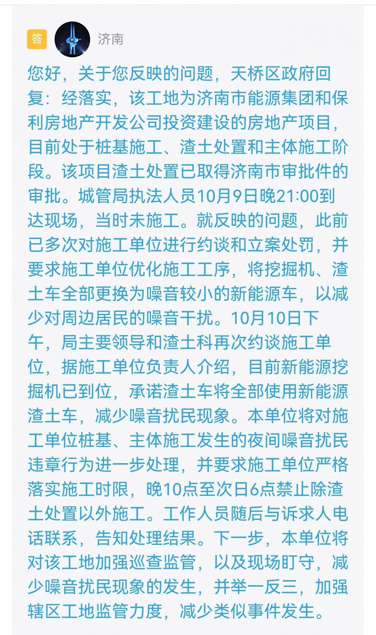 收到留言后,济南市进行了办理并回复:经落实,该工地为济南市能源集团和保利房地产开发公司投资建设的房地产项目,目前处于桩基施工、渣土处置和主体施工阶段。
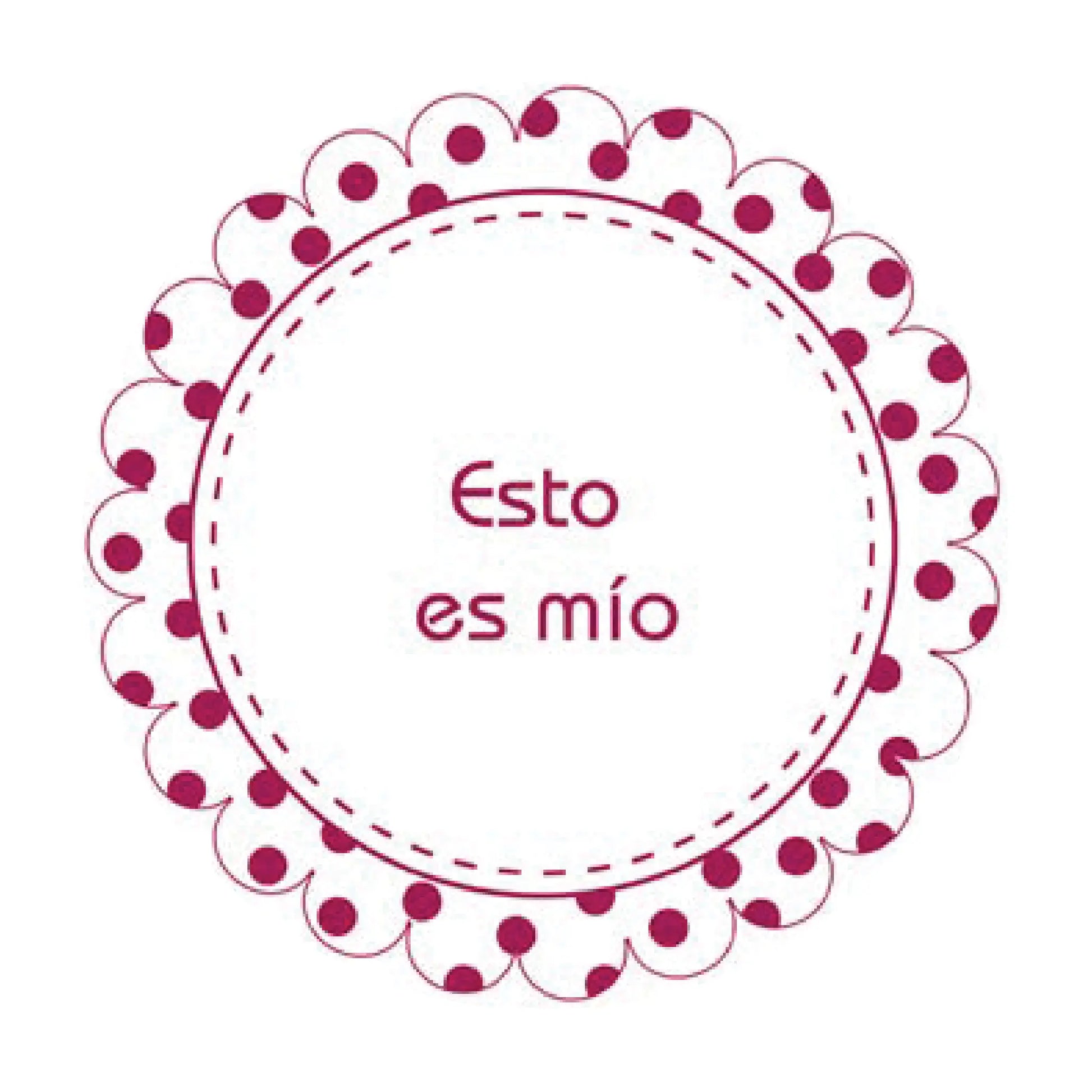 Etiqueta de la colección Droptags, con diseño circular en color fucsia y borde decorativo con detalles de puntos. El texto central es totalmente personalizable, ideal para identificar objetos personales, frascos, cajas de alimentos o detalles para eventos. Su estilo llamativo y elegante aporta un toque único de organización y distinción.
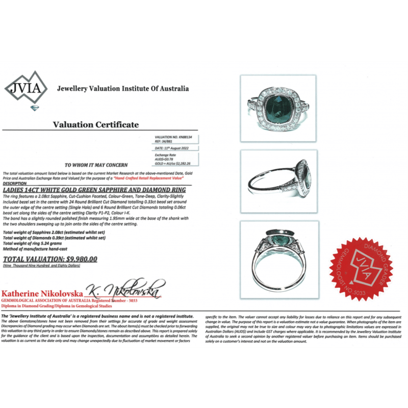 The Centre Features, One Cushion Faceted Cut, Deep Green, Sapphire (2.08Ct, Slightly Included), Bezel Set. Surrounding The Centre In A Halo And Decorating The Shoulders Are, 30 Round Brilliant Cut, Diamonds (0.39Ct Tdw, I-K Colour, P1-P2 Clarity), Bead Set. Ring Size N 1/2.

━━━━━━

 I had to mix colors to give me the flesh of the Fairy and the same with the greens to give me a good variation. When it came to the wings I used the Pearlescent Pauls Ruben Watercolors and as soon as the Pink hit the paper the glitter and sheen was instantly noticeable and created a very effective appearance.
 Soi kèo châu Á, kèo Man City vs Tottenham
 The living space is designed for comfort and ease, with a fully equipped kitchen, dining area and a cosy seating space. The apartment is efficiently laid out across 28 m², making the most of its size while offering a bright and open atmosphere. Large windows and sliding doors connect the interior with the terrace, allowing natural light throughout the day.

━━━━━━

▶ _Work task_:
Set down again, word for word, every line from the one with "收到留言后,济南市进行了办理" to the one with "Etiqueta de la" in the entries above, and omit the pictures.

▶ _Solution for this problem_:
 收到留言后,济南市进行了办理并回复:经落实,该工地为济南市能源集团和保利房地产开发公司投资建设的房地产项目,目前处于桩基施工、渣土处置和主体施工阶段。
 Etiqueta de la colección Droptags, con diseño circular en color fucsia y borde decorativo con detalles de puntos. El texto central es totalmente personalizable, ideal para identificar objetos personales, frascos, cajas de alimentos o detalles para eventos. Su estilo llamativo y elegante aporta un toque único de organización y distinción.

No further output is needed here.